Впрочем, мучиться оставалось уже недолго. В наступающих сумерках приор скоро рассмотрел мелкую тропку, уводящую с дороги налево, в самый виноградник. Монахи свернули на нее — и вскоре, пробираясь между рядами корявых виноградных кустиков, уже щеголявших новорожденной лозой, доковыляли до виноградарской хатки. Сложенная из больших неровных камней, с щелями, кое-как замазанными глиной, она походила снаружи на кривую собачью будку. Такие домишки повсюду строили на больших виноградниках, чтобы крестьяне могли отдохнуть в сиесту под прикрытием стен, переждать град или сильный дождь — или просто полежать после работы.

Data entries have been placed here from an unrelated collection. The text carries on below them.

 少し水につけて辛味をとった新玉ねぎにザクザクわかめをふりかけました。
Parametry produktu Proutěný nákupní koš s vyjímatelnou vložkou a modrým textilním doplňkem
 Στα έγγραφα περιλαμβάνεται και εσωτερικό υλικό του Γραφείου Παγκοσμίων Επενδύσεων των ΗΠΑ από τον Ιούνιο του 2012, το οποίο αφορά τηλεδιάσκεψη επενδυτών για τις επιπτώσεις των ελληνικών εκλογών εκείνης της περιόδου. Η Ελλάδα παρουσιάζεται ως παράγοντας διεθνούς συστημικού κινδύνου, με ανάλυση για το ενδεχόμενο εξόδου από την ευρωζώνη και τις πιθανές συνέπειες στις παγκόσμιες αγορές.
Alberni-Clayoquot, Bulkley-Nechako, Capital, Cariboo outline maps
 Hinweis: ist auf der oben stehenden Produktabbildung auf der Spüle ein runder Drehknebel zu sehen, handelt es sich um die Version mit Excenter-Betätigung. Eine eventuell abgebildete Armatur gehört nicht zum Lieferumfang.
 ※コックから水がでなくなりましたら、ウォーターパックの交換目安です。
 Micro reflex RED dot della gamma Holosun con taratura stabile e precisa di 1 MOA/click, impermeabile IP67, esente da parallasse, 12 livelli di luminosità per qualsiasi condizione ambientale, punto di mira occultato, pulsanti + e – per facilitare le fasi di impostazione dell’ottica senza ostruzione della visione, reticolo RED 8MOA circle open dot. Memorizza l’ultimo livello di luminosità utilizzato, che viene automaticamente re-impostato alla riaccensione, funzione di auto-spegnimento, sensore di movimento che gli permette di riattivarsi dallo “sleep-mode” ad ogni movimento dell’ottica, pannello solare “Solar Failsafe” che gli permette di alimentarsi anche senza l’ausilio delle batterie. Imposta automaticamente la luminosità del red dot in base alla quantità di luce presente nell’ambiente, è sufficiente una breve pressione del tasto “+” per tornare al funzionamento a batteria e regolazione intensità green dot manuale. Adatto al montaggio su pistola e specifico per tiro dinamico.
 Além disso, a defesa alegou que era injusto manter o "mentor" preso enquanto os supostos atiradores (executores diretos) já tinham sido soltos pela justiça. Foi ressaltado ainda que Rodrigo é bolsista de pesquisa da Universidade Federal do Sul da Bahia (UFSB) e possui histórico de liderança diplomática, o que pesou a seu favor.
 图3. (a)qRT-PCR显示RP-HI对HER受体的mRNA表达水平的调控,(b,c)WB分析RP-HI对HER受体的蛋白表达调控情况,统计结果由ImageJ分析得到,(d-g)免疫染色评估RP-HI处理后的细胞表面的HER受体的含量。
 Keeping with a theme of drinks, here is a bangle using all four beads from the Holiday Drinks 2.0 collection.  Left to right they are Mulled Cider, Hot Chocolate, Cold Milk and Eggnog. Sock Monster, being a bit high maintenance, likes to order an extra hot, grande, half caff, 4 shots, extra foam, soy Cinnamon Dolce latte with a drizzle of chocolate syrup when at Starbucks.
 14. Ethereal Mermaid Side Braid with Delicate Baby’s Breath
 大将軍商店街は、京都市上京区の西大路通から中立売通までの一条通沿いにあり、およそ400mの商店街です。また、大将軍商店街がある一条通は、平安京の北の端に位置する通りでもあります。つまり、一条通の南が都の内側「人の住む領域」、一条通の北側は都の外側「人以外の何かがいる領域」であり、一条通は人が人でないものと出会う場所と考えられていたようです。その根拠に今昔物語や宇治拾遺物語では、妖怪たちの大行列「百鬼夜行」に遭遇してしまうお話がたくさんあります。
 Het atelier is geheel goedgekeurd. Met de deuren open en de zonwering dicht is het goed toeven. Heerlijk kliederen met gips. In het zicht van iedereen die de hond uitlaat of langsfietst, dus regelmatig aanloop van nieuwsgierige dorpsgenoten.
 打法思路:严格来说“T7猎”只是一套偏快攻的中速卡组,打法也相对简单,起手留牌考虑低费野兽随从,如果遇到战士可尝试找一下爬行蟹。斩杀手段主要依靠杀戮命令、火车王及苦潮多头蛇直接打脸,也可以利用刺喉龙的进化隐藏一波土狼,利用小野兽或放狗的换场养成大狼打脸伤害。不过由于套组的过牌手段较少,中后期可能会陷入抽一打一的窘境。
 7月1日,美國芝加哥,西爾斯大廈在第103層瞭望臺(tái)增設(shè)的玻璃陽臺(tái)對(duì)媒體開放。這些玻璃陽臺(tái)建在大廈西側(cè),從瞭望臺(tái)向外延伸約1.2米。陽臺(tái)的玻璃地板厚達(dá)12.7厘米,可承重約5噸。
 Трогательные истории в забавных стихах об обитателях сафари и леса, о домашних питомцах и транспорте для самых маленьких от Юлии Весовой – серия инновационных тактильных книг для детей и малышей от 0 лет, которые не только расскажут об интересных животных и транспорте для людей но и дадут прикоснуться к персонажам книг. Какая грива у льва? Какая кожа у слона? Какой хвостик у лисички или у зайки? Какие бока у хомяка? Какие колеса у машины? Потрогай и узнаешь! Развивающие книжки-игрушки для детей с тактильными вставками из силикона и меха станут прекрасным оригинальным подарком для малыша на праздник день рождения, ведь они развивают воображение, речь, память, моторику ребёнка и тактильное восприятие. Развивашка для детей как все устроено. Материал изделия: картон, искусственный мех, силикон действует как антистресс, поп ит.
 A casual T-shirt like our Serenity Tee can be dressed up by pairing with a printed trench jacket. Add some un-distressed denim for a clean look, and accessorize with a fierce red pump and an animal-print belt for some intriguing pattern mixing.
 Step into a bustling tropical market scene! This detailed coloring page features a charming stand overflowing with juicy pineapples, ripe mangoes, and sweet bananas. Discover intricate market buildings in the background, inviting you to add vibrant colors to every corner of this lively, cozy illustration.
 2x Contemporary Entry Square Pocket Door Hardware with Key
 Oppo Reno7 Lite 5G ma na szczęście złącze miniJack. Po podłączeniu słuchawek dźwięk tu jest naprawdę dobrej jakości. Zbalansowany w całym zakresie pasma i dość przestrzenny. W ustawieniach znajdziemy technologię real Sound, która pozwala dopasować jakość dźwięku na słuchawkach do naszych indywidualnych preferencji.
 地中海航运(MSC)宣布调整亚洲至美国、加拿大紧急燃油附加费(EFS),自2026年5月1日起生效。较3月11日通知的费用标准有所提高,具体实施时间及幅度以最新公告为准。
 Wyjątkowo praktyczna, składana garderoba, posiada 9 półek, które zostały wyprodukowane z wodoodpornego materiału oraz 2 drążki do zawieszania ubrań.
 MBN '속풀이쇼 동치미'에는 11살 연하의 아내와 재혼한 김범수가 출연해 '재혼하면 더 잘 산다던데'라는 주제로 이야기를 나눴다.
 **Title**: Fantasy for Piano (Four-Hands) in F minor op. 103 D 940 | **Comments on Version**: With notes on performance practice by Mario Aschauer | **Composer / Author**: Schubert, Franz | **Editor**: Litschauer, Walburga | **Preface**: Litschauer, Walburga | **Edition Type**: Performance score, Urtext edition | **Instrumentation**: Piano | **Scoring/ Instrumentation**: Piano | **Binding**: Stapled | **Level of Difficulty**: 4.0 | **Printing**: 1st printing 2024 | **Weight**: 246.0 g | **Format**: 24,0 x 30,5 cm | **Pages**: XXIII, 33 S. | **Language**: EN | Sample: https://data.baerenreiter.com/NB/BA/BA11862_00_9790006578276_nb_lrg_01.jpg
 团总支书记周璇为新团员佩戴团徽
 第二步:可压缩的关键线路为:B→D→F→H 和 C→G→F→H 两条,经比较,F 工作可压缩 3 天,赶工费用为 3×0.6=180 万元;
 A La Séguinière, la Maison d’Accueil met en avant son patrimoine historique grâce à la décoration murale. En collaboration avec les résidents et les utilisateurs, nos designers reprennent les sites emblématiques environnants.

— Мир вам, люди доброй воли, — на всякий случай позвал Гальярд, наклоняясь к низенькой незапертой двери. В хатке никого не было, да он и не ожидал кого-то там застать.
— Конурка достаточно хороша для двух псов Божиих, — пошутил он, приглашая Антуана вовнутрь. Тот зашел в полную тьму, тут же споткнулся о широкую лежанку и свалился на нее, стараясь не издавать слишком уж радостных звуков.
Гальярд засветил свечу. Виноградарский домик — такой же, как все они в этих краях: деревянный настил, место для очага неподалеку от входа, запасец дров — в основном мелких, хвороста с того же виноградника; отверстие под кровлей, чтобы выходил дым. Антуан на лежанке как-то странно захрипел — и старый монах увидел, что паренек попросту немедленно заснул, упал в сон в неудобной позе, подвернув под себя ногу, не сняв пояса, даже не перекрестившись на ночь. Гальярд улыбнулся и стал разводить костерок.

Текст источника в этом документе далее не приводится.